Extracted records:
• • • • •
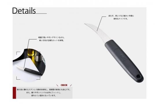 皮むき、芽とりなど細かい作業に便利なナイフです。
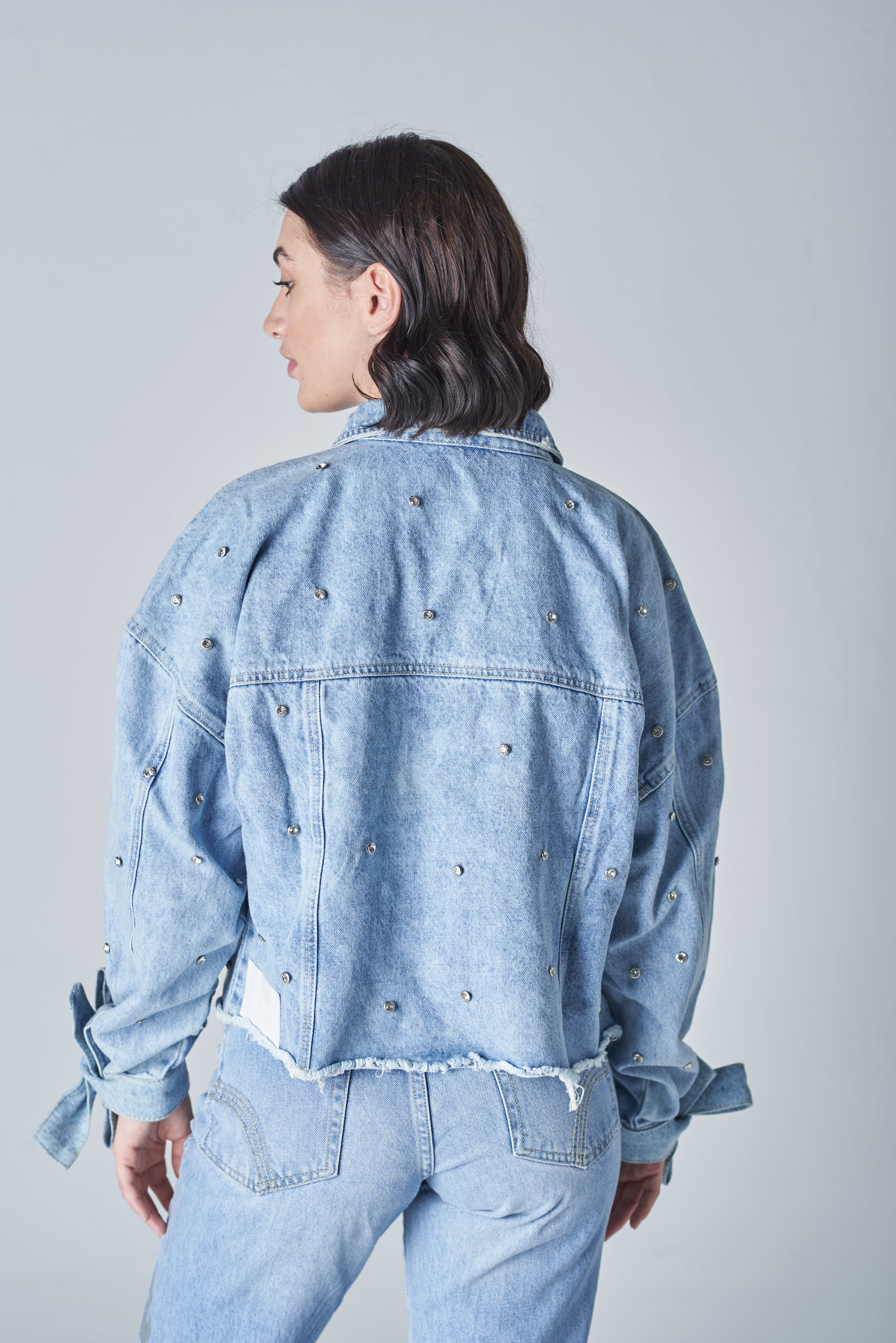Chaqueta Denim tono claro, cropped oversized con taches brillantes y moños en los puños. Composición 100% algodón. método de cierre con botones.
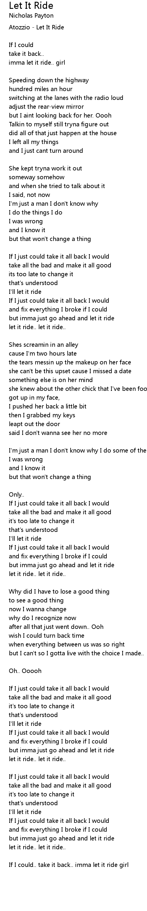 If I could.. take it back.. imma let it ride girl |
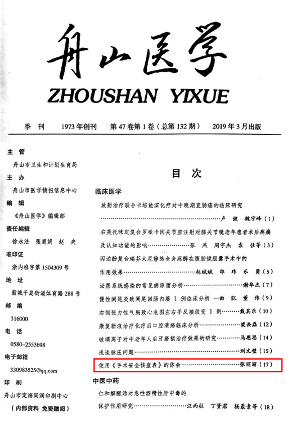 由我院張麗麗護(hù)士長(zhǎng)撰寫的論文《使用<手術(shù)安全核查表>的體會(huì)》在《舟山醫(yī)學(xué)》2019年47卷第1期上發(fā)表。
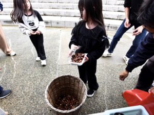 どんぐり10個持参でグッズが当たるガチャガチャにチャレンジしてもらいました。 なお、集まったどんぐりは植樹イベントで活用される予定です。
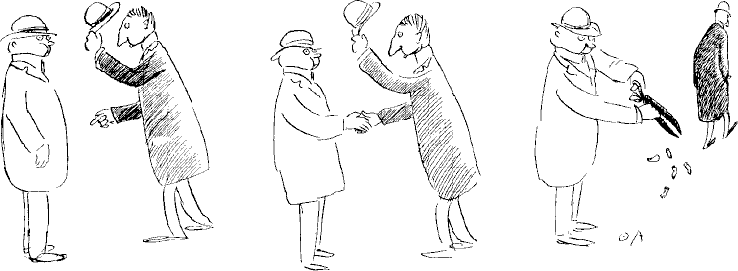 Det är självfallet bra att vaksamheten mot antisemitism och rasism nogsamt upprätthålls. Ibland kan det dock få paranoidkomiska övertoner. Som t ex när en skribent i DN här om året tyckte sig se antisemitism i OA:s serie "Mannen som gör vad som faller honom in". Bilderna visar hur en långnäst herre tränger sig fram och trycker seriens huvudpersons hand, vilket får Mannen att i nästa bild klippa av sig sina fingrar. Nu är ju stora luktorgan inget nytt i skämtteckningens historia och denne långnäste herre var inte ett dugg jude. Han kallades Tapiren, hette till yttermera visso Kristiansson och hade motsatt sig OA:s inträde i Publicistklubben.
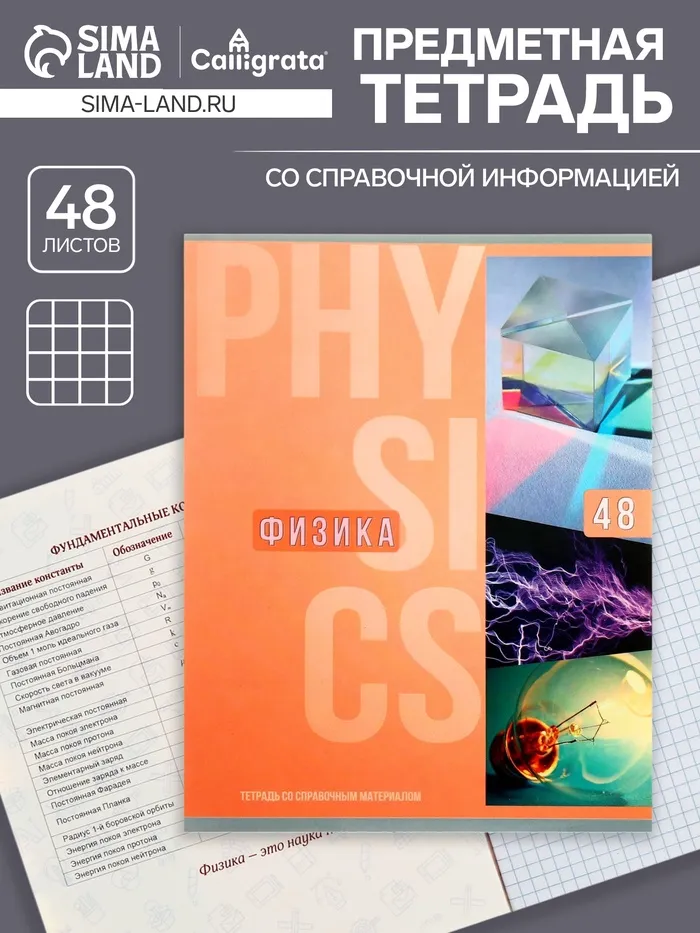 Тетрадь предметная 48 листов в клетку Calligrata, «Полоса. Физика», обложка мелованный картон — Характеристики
• • • • •
# Exercise requirements
An exact copy is needed of every line from the one holding "Det är självfallet" to the end of the entries above, both ends kept and each picture dropped.

# Solution to this exercise
 Det är självfallet bra att vaksamheten mot antisemitism och rasism nogsamt upprätthålls. Ibland kan det dock få paranoidkomiska övertoner. Som t ex när en skribent i DN här om året tyckte sig se antisemitism i OA:s serie "Mannen som gör vad som faller honom in". Bilderna visar hur en långnäst herre tränger sig fram och trycker seriens huvudpersons hand, vilket får Mannen att i nästa bild klippa av sig sina fingrar. Nu är ju stora luktorgan inget nytt i skämtteckningens historia och denne långnäste herre var inte ett dugg jude. Han kallades Tapiren, hette till yttermera visso Kristiansson och hade motsatt sig OA:s inträde i Publicistklubben.
 Тетрадь предметная 48 листов в клетку Calligrata, «Полоса. Физика», обложка мелованный картон — Характеристики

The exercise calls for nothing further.